Work request
Look below for the line that contains "ETTER at du" and the line that contains "Dámska oversize mikina, okrúhly", then restate both of them and every line in between, exactly. No picture goes in the copy.

──────── Data for this exercise ────────

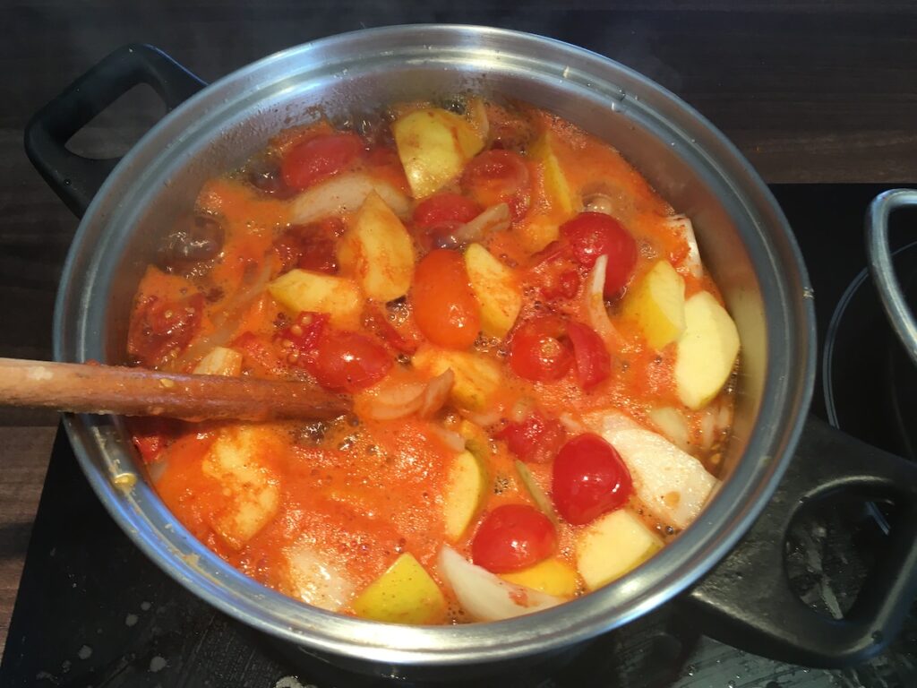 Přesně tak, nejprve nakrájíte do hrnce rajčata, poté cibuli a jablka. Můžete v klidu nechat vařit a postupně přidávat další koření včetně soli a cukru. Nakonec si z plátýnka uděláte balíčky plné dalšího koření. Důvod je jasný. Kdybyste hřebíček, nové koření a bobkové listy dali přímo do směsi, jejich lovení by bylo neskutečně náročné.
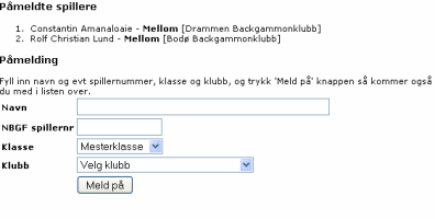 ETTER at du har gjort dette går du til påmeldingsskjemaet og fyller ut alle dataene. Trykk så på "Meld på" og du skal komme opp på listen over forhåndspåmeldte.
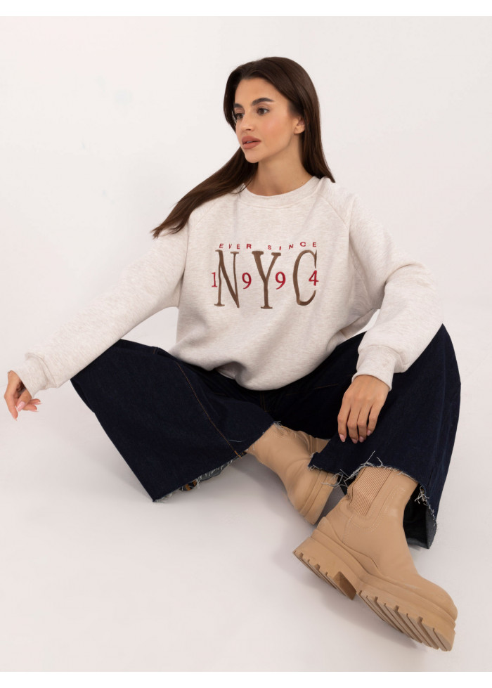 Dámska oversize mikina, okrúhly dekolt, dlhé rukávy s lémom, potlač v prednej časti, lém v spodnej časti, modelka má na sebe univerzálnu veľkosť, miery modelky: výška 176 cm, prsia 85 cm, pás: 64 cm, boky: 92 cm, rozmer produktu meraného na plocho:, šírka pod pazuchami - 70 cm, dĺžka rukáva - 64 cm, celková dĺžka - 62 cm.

────────
──────── Data for this exercise ────────

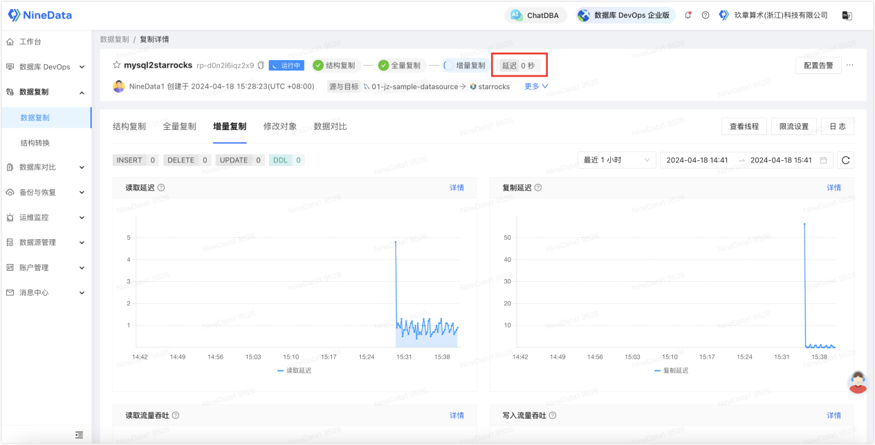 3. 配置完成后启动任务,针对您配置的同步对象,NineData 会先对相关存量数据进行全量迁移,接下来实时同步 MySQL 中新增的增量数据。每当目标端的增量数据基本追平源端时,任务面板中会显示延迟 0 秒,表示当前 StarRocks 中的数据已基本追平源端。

────────

Exercise answer
 ETTER at du har gjort dette går du til påmeldingsskjemaet og fyller ut alle dataene. Trykk så på "Meld på" og du skal komme opp på listen over forhåndspåmeldte.
 Dámska oversize mikina, okrúhly dekolt, dlhé rukávy s lémom, potlač v prednej časti, lém v spodnej časti, modelka má na sebe univerzálnu veľkosť, miery modelky: výška 176 cm, prsia 85 cm, pás: 64 cm, boky: 92 cm, rozmer produktu meraného na plocho:, šírka pod pazuchami - 70 cm, dĺžka rukáva - 64 cm, celková dĺžka - 62 cm.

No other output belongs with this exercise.